His new program, PhySoft, tackles kidney dialysis — a cumbersome and costly procedure that accounts for $50bn in annual spend and 6 per cent of all Medicare expenditures. Using captured EHR data to optimise the drug dosages administered to dialysis patients, PhySoft could trim $15,000 off the $37,000 drug and hospitalisation bill racked up by a typical Medicare patient each year.

In addition to Obamacare’s cost-cutting pressures, its more politically controversial mandate of requiring people to obtain health insurance has forced millions of Americans to deal directly with the complexities of the healthcare system — creating opportunities for consumer education and choice.

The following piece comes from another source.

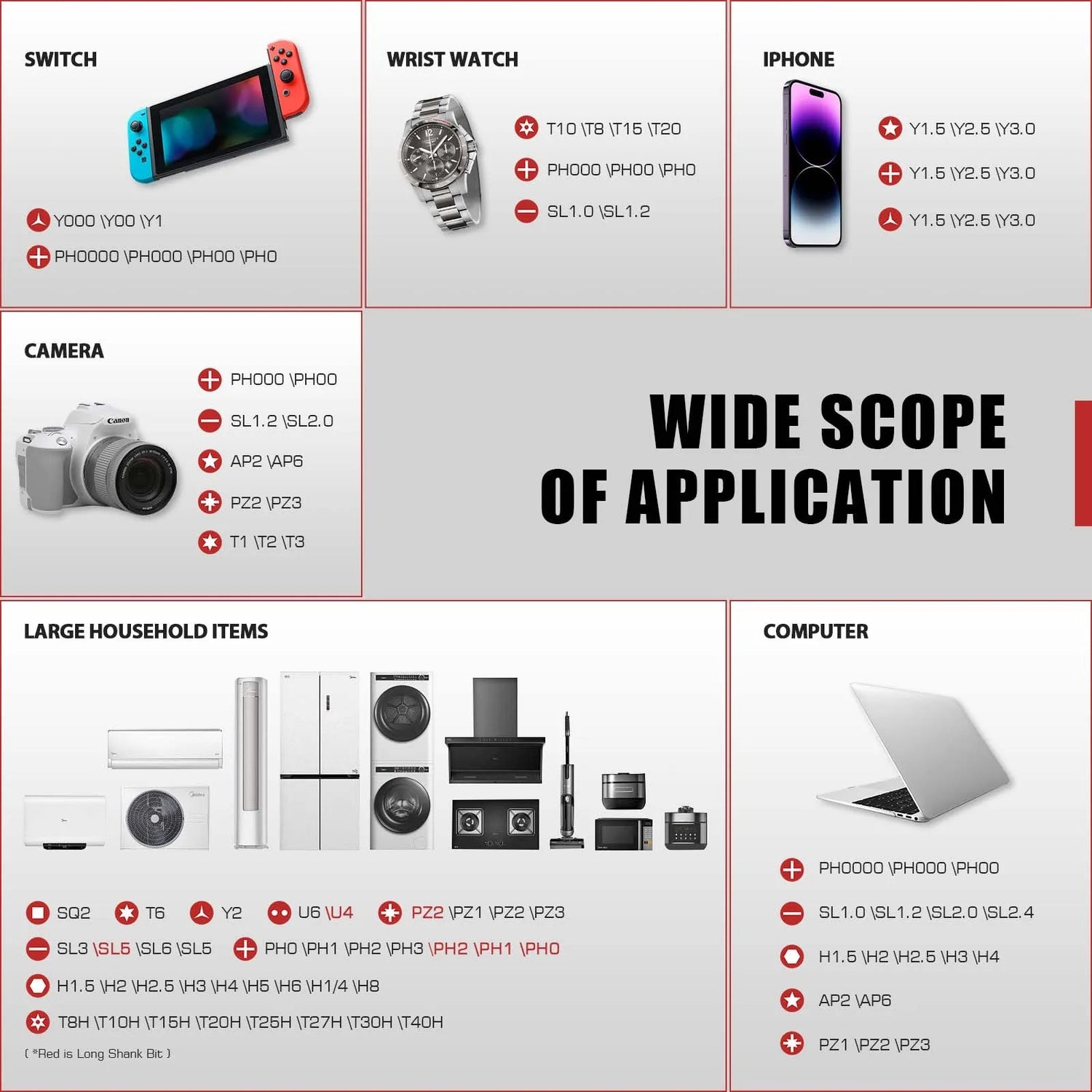 From delicate electronics to robust furniture, this set adapts to all. The detachable T-handle easily reaches cramped spaces, offering flexibility and making repairs easy. Imagine completing every home task with just one tool, saving you time and effort.

Harnessing the frustration he incurred trying to select the proper health insurance plan for himself, Noah Lang started Stride Health to demystify the product for insurance shoppers. “Even though I have a degree in mechanical engineering, to get the data I needed to [decide on the right plan] was nearly impossible to do in terms of pricing and understanding the plans,” he says, underscoring the need for the average consumer to have access to better information.

On the back of an Obamacare provision that did away with traditional paper-based insurance underwriting, Lang developed a personalised recommendation engine using algorithms that guide people to the best-fitting insurance plans on the basis of their health history and pricing needs. “I started this company to change the way Americans make healthcare coverage decisions,” he says.

Josh Kushner is another smart guy to have been so befuddled by his health insurance that he vowed to invent a different way of doing things. With Mario Schlosser and Kevin Nazemi he created an insurance company, Oscar, whose cartoon ads adorned New York subway carriages this spring. “The consumer never mattered in healthcare,” explains Kushner, “and for the first time ever the consumer does matter, because they are making choices on their own.”

As New York state’s first new commercial health insurer in 15 years, Oscar is off to a fast start in its drive to become the disrupting force of the health insurance market. It has attracted 40,000 customers in just two years through the state’s health exchange and was valued at $1.5bn at its recent fundraising.

No industry can remain immune to technology. Kushner says. “We can have engineers look at [any industry] and say ‘this doesn’t make any sense’, and do it better. There’s government, education, financial services… but healthcare is the most screwed up — it is a total train wreck.”

But this wave of healthcare innovation is not limited to the US. Looking to expand his platform to help fight obesity-related diseases on a global scale — and their $2tn impact on global GDP, according to McKinsey, the consultancy — Duffy and Omada Health are incorporating in the UK.

“Obesity is the biggest health emergency — it’s this generation’s smoking,” warns Duffy, “but it is also the biggest market opportunity.”